Saturday, February 15, 2014

Daydreams

Lately I've been realizing how much of a daydreamer I truly am. If I don't have time to let my mind wander and wonder, I (ironically) lose my focus, patience, and ability to delight in the simple. Somehow it is through these scattered, unstructured meaderings of my mind that I can best reflect and process the world around me. Maybe it's the inherent rest that comes from daydreaming, maybe it's my introverted self needing some time alone, or maybe it's the little girl in me who can't stop her imagination from running wild and doesn't want to.

These past few weeks have been filled with so many experiences and conversations and realizations that I desparately want to share with you but like so much of life, they are only pieces of a complete story that I do not yet understand: small clips of a movie, chapters of a book, thoughts from daydreams flowing in a steam-of-consciousness way that leaves almost everything open-ended.

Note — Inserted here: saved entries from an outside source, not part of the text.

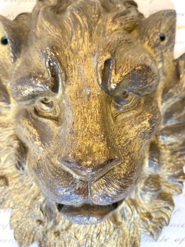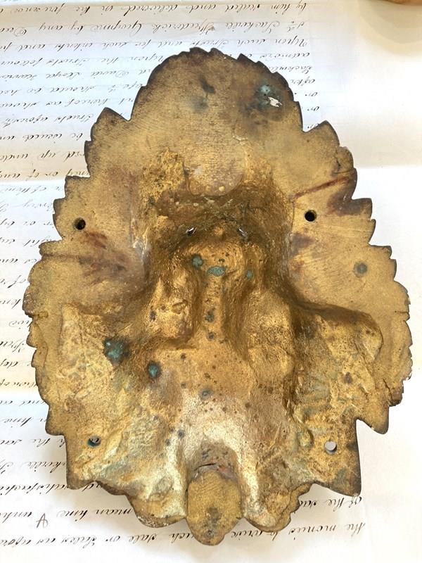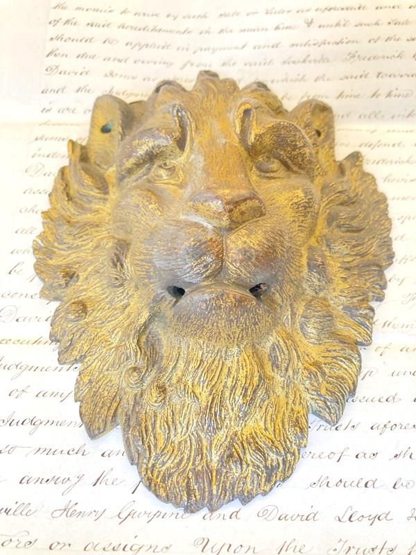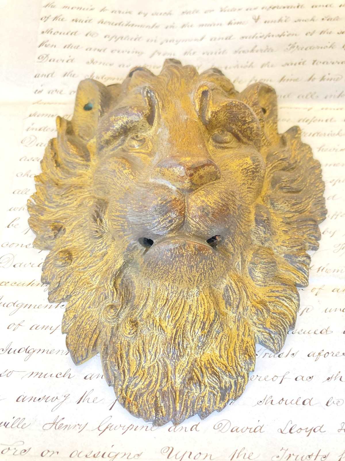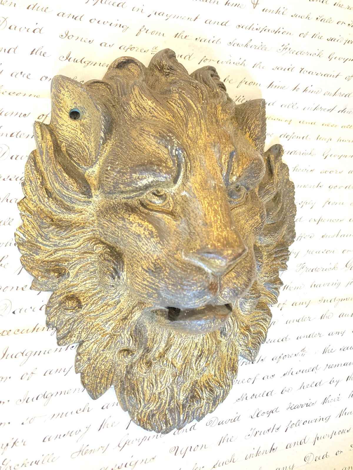 Beautifully cast, heavy and very decorative, this old brass lion head was either originally a door knocker or a wall light with the lost piece attached through the holes either side of the mouth. Now it makes an impactful display item or a rather fabulous gift for a Leo!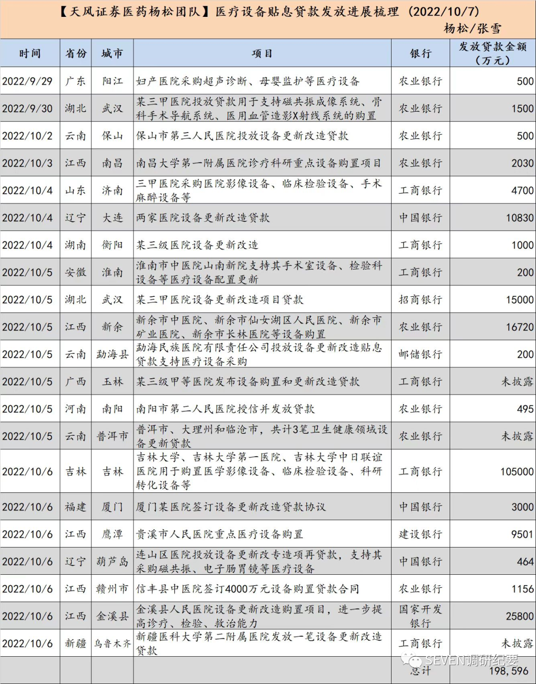 在2010年前后,卫生行业有文件规定医疗机构不允许贷款购买设备。在中央和地方财政投入不足的情况下,医疗系统的基建和设备购买面临巨大的资金缺口。这次贴息贷款政策一方面是促进消费,另一方面医疗行业疫情之后在方舱及新冠储备医院、急救能力建设、千县工程和区域医疗中心等方面有建设需求,原本有些项目有财政预算, 但由于疫情后财政预算吃紧迟迟没有落实。 而这笔钱填补医疗建设的资金缺口。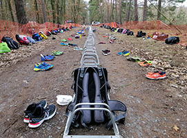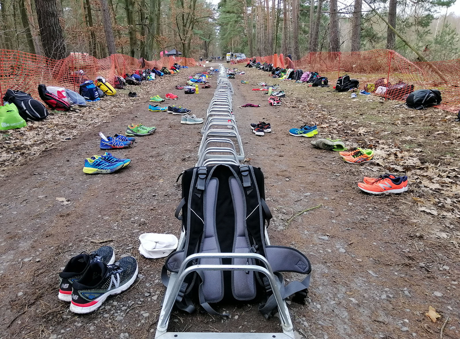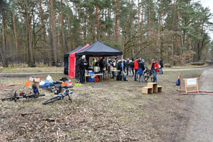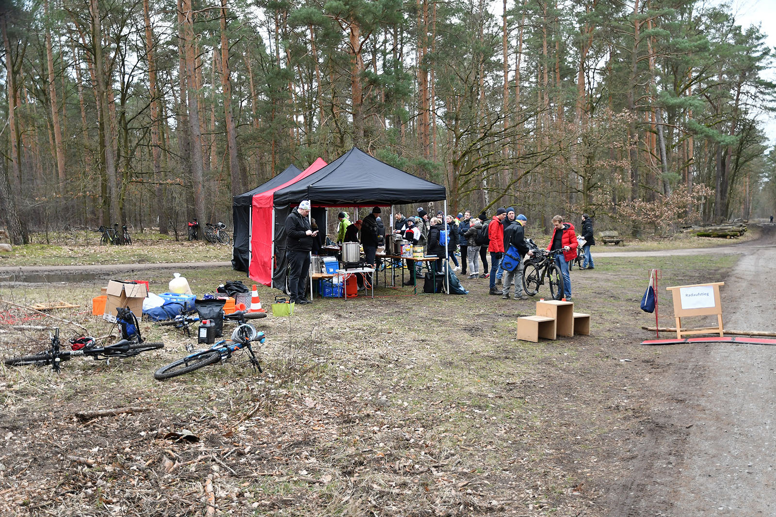 Der wärmste Winter seit WinterDu-Gedenken ließ dieses Jahr keinen Zweifel aufkommen, dass irgendetwas gefroren sein könnte oder Schnee fallen würde. Hatten wir bislang in fast allen Jahren bis eine Woche vor dem Rennen eine Eisplatte im Wald, so konnten wir dieses Jahr ganz undigital und nach Belieben im Gelände trainieren. Der Regen kam auch mal wieder später, so dass es sogar trocken blieb, nur einmal ist uns das Orgazelt weggeweht, nächstes Jahr werden wir das Zelt am Boden festnageln.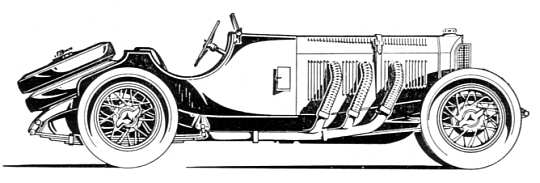 ser således, at K står for kurz (kort) og altså ikke for kompressor. (Det er formodentlig denne fejltagelse, som har været med til at forlede en af vore kendte automobilsamlere til at tro, at hans Typ 630, 1929-30 er en Mercedes-Benz Typ K 192 3, desuagtet at Daimler og Benz endnu ikke var slået sammen i 1925, at Modell K først kom på markedet i 1926, og at man med et målebånd let kan konstatere, at vognen ikke er på det afkortede chassis!). K modellen fik et fantastisk ry som sportsvogn, på trods af at bremser og vej beliggenhed ikke helt stod mål med motorydelsen, og visse, denne gang ikke slet så velmenende sjæle, fik da også, med englænderes karakteristiske sans for humor, givet den det lidet flatterende øgenavn „the flying death-trap". For at råde bod på disse mangler kom året efter Modell S (S=Sport) 26/120/180 PS. I England |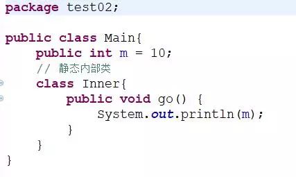 // System.out.println(j);//报错,静态内部类不能读取外部类的非静态变量

So here are some of the daydreamlike moments I've had lately that have been important to me. I hope they will be meaningful to you, too :)

*I've gotten to hear quite a few people's stories in the last few weeks. One of my favorite parts about talking with people about their lives is that moment when they are taken back to a past meaningful experience--when their eyes get a little cloudy and their face gets a little more expressive and you can tell that they're not fully present with you. In that moment, I feel like they're taking me with them back to the moment when the memory took place, like I am there with them feeling those same feelings, finding importance in those same seemingly random deatils, and I can't help but smile a little bit because I know that I'm getting to be a part of a lovely form of time travel.

*I've also spent quite a bit of time trying to understand others and to help them understand what I have to say, what others have to say, or a different perspective on the same situation. It's hard--both communication and understanding--not just with people but also with God. And yet, it amazes me how God allows me to understand just as much of him as he knows that I can handle in that moment by creatively meeting with me in ways that I can understand. As a 5 year old, he helped me to understand through flannel-graphs and goofy games. As a 10 year old, he helped me to understand by watching college kids serve others and wanting to grow up to be like them by knowing and loving the God they served. As a 15 year old, he helped me to understand by giving me the space to ask questions freely and His Word where I encountered truth and hard experiences so that I might better understand suffering. As a 20 year old, he helped me to understand by giving me a family in Ecuador and the courage to be a leader on my wing. Now, God is helping me to understand by asking me to obediently trust him in the unfinished stories, the not yets, and the daydreams. I can't wait to see how he helps me to know him more next.